═══ Data supplied

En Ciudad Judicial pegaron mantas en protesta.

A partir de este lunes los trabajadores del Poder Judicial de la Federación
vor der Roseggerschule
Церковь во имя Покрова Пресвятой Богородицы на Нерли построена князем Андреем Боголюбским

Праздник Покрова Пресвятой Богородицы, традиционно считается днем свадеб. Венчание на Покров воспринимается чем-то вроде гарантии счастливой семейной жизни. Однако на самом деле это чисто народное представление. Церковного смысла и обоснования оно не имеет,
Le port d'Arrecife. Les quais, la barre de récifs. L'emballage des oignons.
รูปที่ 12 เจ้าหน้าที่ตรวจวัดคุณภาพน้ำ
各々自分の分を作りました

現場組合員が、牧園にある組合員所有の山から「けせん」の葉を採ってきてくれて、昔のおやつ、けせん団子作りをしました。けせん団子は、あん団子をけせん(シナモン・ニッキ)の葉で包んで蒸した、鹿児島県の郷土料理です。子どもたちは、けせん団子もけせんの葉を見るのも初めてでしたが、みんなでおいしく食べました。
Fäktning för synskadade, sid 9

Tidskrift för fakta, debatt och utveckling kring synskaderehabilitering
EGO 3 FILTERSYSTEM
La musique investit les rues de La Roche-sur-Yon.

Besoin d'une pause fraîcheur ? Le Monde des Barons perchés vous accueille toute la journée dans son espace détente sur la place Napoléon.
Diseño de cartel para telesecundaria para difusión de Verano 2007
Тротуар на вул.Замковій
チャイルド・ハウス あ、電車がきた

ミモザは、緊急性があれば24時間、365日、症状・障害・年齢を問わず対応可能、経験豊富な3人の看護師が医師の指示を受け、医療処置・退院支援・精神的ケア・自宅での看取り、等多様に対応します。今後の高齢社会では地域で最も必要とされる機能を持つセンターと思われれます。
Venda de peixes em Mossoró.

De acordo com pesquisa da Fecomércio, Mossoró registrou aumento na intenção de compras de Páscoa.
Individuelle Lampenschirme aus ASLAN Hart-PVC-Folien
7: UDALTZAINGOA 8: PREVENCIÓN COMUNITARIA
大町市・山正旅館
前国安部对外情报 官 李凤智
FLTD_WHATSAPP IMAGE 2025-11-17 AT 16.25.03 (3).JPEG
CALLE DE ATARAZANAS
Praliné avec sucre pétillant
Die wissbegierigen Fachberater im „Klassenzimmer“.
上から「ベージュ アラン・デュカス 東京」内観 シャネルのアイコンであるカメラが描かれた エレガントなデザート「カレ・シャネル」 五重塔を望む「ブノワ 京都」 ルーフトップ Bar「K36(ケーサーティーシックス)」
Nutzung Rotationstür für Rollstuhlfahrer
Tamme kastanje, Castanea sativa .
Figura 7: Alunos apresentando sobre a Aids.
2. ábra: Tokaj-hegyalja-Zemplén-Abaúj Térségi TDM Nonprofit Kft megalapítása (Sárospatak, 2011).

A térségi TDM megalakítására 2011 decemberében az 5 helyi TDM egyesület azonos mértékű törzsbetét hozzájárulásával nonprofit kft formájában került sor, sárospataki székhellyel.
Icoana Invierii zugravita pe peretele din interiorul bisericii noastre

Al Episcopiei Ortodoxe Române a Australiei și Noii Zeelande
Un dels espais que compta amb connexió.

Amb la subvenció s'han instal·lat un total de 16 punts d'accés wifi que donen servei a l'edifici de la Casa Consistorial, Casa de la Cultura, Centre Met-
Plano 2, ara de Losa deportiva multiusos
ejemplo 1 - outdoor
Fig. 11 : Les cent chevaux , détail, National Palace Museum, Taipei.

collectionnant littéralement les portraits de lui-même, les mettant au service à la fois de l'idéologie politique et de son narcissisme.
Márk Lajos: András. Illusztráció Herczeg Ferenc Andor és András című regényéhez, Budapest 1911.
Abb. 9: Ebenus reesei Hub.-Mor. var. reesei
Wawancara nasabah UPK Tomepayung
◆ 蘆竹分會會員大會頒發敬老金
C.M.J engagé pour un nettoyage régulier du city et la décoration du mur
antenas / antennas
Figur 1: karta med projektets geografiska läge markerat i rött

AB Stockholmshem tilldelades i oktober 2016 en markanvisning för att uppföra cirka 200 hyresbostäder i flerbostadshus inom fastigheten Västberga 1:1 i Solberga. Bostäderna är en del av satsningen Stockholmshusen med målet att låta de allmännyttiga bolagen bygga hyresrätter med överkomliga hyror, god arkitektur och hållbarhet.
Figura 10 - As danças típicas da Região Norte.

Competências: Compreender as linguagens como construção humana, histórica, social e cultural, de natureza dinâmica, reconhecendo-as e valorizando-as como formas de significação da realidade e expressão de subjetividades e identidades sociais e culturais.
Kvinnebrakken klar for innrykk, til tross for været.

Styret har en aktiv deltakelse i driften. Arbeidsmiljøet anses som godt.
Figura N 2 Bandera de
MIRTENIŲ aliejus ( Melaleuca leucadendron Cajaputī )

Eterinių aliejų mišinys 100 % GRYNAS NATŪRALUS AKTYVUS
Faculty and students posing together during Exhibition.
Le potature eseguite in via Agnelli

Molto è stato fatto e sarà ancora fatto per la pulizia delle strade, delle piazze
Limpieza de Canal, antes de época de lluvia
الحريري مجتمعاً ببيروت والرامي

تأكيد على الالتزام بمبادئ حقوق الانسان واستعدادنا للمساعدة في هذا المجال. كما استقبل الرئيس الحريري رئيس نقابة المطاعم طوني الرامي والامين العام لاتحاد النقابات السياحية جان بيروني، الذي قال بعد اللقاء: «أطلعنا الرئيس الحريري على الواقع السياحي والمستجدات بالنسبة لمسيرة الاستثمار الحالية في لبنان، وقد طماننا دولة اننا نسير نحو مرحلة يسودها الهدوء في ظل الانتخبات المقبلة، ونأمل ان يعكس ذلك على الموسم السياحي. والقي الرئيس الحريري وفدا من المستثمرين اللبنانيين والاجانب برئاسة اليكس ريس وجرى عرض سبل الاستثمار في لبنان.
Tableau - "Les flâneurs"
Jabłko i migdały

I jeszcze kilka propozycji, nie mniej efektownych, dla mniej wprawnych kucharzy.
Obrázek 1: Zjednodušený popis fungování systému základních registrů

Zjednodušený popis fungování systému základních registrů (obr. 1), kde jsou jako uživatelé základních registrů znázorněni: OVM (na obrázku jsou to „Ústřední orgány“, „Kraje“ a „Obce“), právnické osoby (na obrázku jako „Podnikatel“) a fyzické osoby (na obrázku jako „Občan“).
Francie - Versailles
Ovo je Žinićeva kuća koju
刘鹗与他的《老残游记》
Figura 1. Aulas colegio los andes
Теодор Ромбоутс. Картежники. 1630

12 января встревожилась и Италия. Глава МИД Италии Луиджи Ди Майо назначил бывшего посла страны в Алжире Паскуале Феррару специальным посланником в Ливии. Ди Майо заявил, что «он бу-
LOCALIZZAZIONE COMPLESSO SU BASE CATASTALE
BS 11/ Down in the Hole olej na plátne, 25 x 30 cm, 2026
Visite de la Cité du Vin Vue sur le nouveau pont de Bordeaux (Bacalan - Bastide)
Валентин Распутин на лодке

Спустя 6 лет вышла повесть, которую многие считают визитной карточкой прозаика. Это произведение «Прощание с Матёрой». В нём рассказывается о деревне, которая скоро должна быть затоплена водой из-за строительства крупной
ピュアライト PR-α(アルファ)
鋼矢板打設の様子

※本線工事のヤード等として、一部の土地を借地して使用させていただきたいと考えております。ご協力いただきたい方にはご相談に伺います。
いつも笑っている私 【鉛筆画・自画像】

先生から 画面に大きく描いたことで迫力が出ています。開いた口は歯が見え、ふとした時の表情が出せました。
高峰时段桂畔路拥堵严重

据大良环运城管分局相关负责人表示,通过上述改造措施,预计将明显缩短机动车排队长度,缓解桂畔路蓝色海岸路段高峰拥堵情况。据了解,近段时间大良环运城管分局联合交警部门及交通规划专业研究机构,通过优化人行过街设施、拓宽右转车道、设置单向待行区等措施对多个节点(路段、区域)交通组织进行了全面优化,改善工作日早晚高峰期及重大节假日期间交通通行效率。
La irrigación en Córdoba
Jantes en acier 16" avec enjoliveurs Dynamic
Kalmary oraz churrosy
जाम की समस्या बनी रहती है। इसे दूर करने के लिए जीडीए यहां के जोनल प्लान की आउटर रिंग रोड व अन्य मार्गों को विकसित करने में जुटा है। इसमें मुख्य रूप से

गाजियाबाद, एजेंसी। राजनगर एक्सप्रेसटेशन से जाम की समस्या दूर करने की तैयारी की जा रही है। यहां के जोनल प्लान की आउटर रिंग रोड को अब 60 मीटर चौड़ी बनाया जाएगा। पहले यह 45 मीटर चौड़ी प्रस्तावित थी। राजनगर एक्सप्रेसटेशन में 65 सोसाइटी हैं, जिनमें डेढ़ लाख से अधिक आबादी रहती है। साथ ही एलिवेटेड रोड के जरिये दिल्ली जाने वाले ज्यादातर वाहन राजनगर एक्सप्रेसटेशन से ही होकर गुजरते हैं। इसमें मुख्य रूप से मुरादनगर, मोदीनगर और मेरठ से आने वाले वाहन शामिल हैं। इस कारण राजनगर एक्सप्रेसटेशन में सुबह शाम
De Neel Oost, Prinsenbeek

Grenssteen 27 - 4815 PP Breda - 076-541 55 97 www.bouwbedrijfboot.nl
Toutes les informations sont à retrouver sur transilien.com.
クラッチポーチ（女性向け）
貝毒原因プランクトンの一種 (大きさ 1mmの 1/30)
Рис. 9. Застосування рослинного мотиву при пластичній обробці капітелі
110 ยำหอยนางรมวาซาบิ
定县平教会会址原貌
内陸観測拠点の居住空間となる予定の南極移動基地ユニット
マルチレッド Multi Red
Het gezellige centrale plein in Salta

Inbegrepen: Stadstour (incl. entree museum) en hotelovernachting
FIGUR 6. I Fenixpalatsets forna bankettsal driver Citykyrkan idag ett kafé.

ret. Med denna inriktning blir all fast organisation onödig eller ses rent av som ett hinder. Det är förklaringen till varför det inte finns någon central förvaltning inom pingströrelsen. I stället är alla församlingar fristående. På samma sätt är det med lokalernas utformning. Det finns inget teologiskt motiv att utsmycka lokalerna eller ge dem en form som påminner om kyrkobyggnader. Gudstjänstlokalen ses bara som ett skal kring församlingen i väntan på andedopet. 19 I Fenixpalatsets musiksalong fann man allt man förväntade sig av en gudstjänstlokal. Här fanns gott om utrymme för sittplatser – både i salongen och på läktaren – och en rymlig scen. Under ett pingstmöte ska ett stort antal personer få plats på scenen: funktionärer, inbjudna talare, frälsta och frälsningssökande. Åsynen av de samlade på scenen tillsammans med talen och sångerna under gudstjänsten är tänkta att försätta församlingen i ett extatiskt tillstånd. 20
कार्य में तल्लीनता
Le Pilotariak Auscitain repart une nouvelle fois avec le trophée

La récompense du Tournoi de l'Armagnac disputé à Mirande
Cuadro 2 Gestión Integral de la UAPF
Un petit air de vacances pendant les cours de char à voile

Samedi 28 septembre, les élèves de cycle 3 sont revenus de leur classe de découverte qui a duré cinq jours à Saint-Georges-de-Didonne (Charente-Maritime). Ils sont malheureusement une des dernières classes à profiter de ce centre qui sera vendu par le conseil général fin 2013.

══════

* **Work to be completed**: Taking the line with "Валентин Распутин на лодке" as the first and the line with "貝毒原因プランクトンの一種 (大きさ 1mmの 1/30)" as the last, retype that stretch of the data above exactly, with no other lines.

* **Solution for this task**:
Валентин Распутин на лодке

Спустя 6 лет вышла повесть, которую многие считают визитной карточкой прозаика. Это произведение «Прощание с Матёрой». В нём рассказывается о деревне, которая скоро должна быть затоплена водой из-за строительства крупной
ピュアライト PR-α(アルファ)
鋼矢板打設の様子

※本線工事のヤード等として、一部の土地を借地して使用させていただきたいと考えております。ご協力いただきたい方にはご相談に伺います。
いつも笑っている私 【鉛筆画・自画像】

先生から 画面に大きく描いたことで迫力が出ています。開いた口は歯が見え、ふとした時の表情が出せました。
高峰时段桂畔路拥堵严重

据大良环运城管分局相关负责人表示,通过上述改造措施,预计将明显缩短机动车排队长度,缓解桂畔路蓝色海岸路段高峰拥堵情况。据了解,近段时间大良环运城管分局联合交警部门及交通规划专业研究机构,通过优化人行过街设施、拓宽右转车道、设置单向待行区等措施对多个节点(路段、区域)交通组织进行了全面优化,改善工作日早晚高峰期及重大节假日期间交通通行效率。
La irrigación en Córdoba
Jantes en acier 16" avec enjoliveurs Dynamic
Kalmary oraz churrosy
जाम की समस्या बनी रहती है। इसे दूर करने के लिए जीडीए यहां के जोनल प्लान की आउटर रिंग रोड व अन्य मार्गों को विकसित करने में जुटा है। इसमें मुख्य रूप से

गाजियाबाद, एजेंसी। राजनगर एक्सप्रेसटेशन से जाम की समस्या दूर करने की तैयारी की जा रही है। यहां के जोनल प्लान की आउटर रिंग रोड को अब 60 मीटर चौड़ी बनाया जाएगा। पहले यह 45 मीटर चौड़ी प्रस्तावित थी। राजनगर एक्सप्रेसटेशन में 65 सोसाइटी हैं, जिनमें डेढ़ लाख से अधिक आबादी रहती है। साथ ही एलिवेटेड रोड के जरिये दिल्ली जाने वाले ज्यादातर वाहन राजनगर एक्सप्रेसटेशन से ही होकर गुजरते हैं। इसमें मुख्य रूप से मुरादनगर, मोदीनगर और मेरठ से आने वाले वाहन शामिल हैं। इस कारण राजनगर एक्सप्रेसटेशन में सुबह शाम
De Neel Oost, Prinsenbeek

Grenssteen 27 - 4815 PP Breda - 076-541 55 97 www.bouwbedrijfboot.nl
Toutes les informations sont à retrouver sur transilien.com.
クラッチポーチ（女性向け）
貝毒原因プランクトンの一種 (大きさ 1mmの 1/30)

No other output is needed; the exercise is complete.